Harran University
- Type: State University
- Established: 1992
- President: Prof.Dr. Mehmet Tahir GÜLLÜOĞLU
- Location: Şanlıurfa, Turkey
- Website: harran.edu.tr

= Harran University =

Public university in Şanlıurfa, Turkey

Harran University (Harran Üniversitesi) is a state university in Şanlıurfa, Turkey, founded in 1992.

==History==

Şanlıurfa is the homecity of Harran University. It is one of the oldest settlements in the world, with its history going back to 11,000 years before now.

The first higher education unit established in Sanliurfa is the Sanliurfa Vocational School (1976). Then the Faculty of Agriculture (1978), and the Department of Civil Engineering (1984) both affiliated to Dicle University were founded. Following these schools, the Faculty of Theology was formed in Sanliurfa by Gaziantep University in 1988.

In 1992, as a result of a move to form 23 new universities, Harran University was founded (July 9, 1992; Law No.: 3837) and the schools mentioned above were affiliated to this institution together with two faculties (Faculty of Arts and Sciences, Faculty of Medicine), one vocational school (Sanliurfa Vocational School o Health Services), and three institutes (Institute of Natural and Applied Sciences, Institute of Health Sciences, Institute of Social Sciences).

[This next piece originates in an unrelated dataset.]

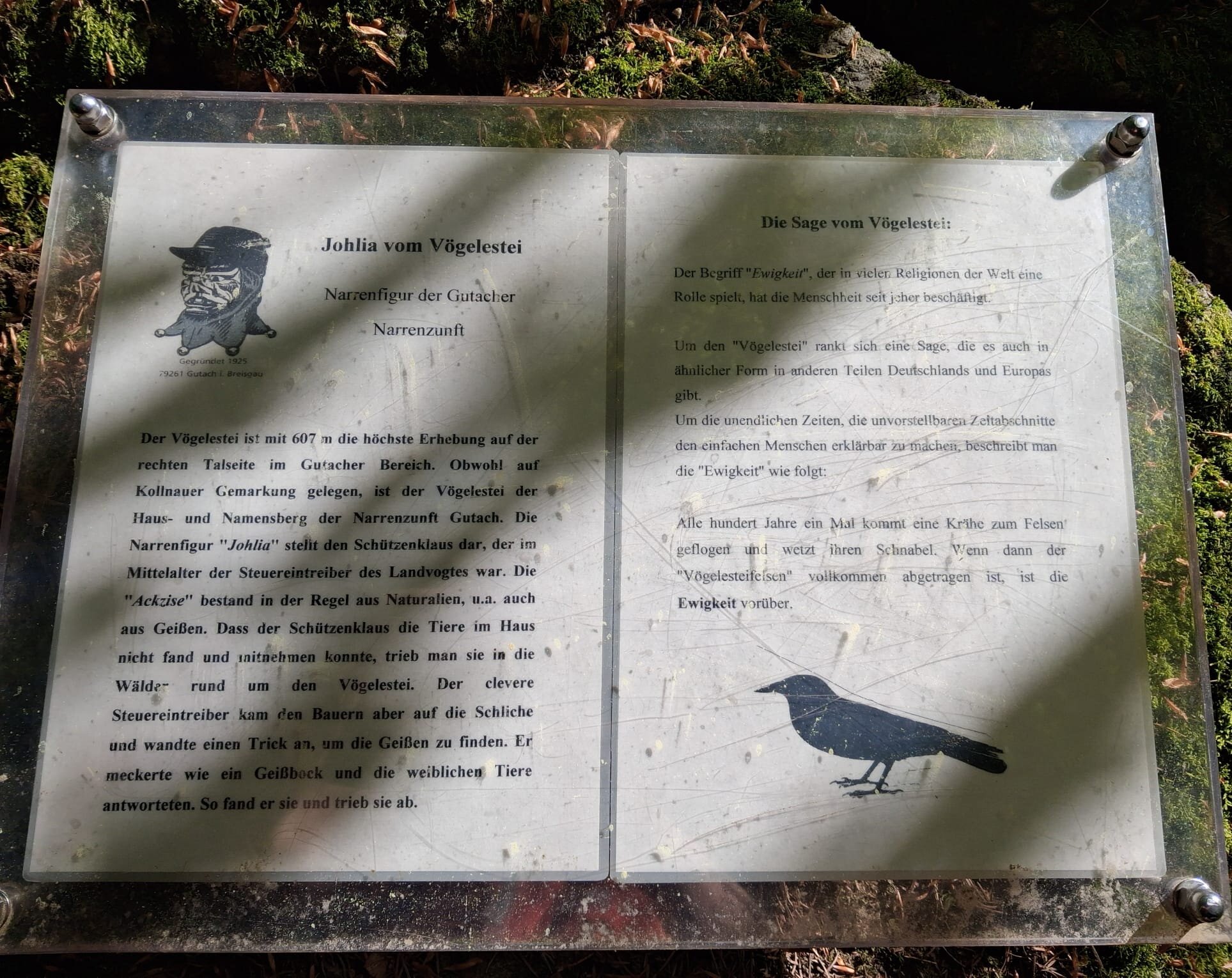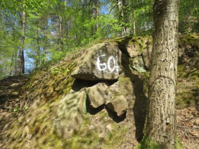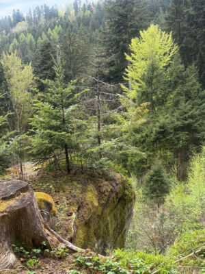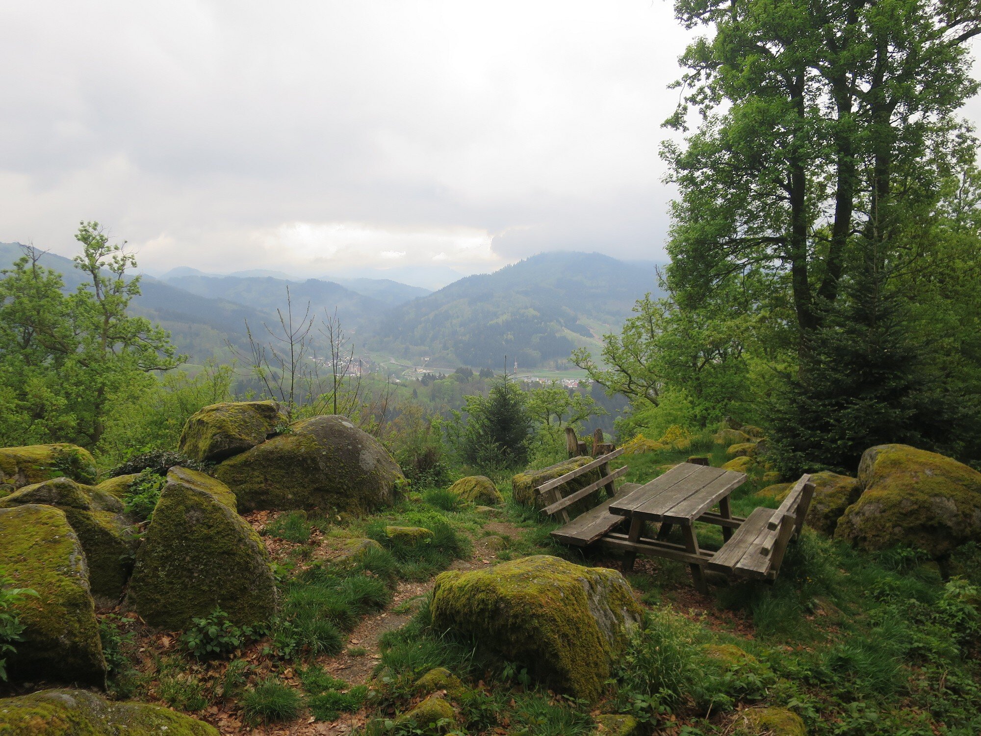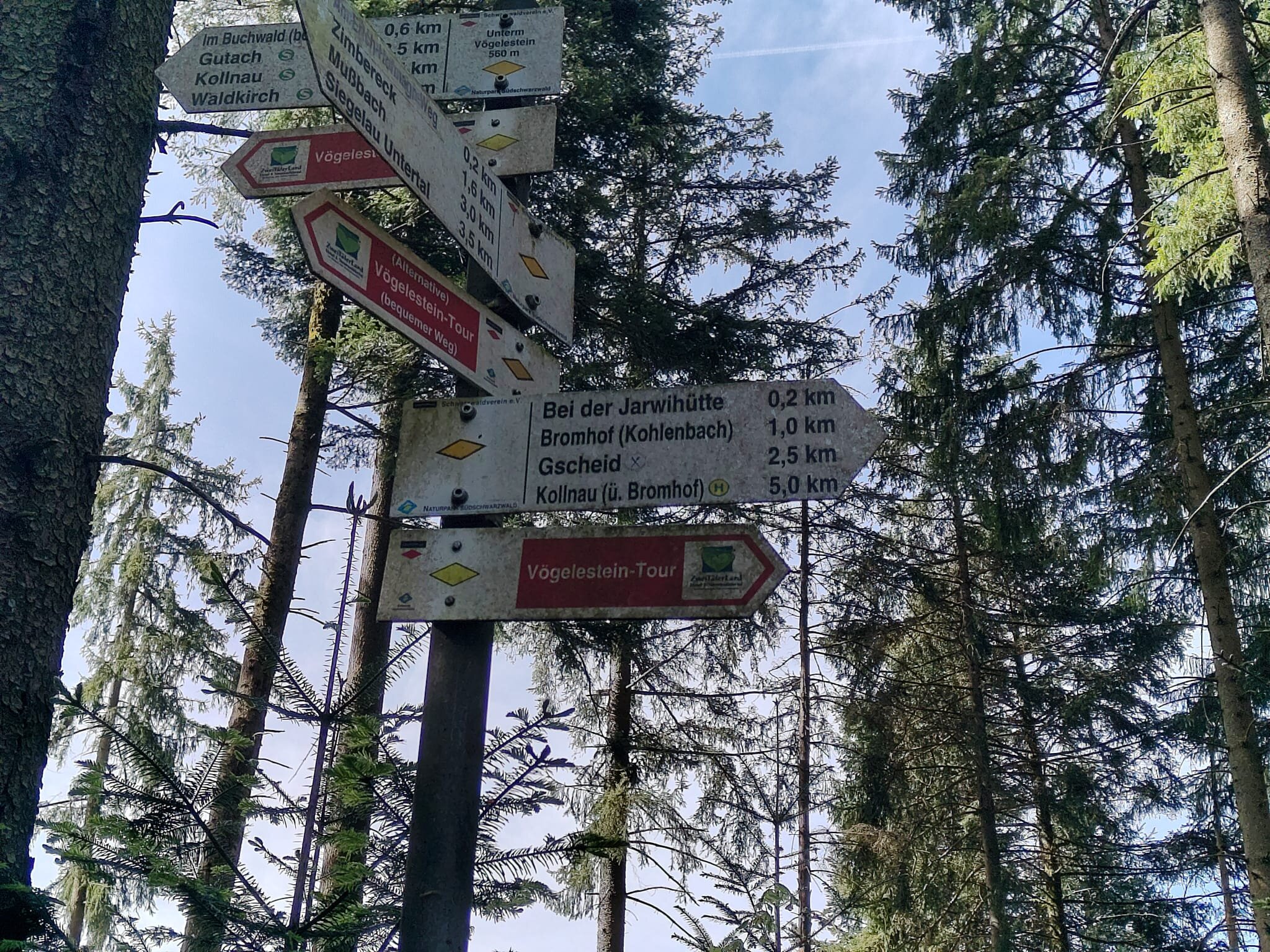 Vom Bahnhof in Gutach ging es ein Stück die Elz entlang. Nun ging es steil bergan. Erst ein Stück Straße und dann in den Wald. Mit teilweise starken Anstiegen erreichten wir den Vögelestein. Von unten könnte man es als ein schlafendes Vögelein interpretieren. Wenn man oben angekommen ist, sind es halt Felsen. 🤣

In 1994, new vocational school (the vocational schools of Siverek, Hilvan, Suruc, Birecik, Viransehir and Bozova) and faculties (Veterinary Medicine, Economic and Administrative Sciences) were joined to the system. Later, the vocational schools of Akcakale (1995), Ceylanpinar (1995) and Kahta (1997) were established. The College of Health was formed in 1997.

A new vision to expand the educational programs was put into action in 2007, following which the Faculty of Education and Faculty of Fine Arts were chartered along with te College of Tourism and Hotel Management.

==University today==

As of December 2015, Harran University functions with nine faculties and two colleges offering 4+ years of undergraduate degree programs and ten vocational schools which provide two-year associate degree programs. The students in three institutes enroll to get degrees toward master's or Ph.D. levels. Over 800 faculty members serve in about 70 different departments/programs to a population of 12,000 students. In Harran University, the language of education is Turkish. An educational system of two-semesters is followed.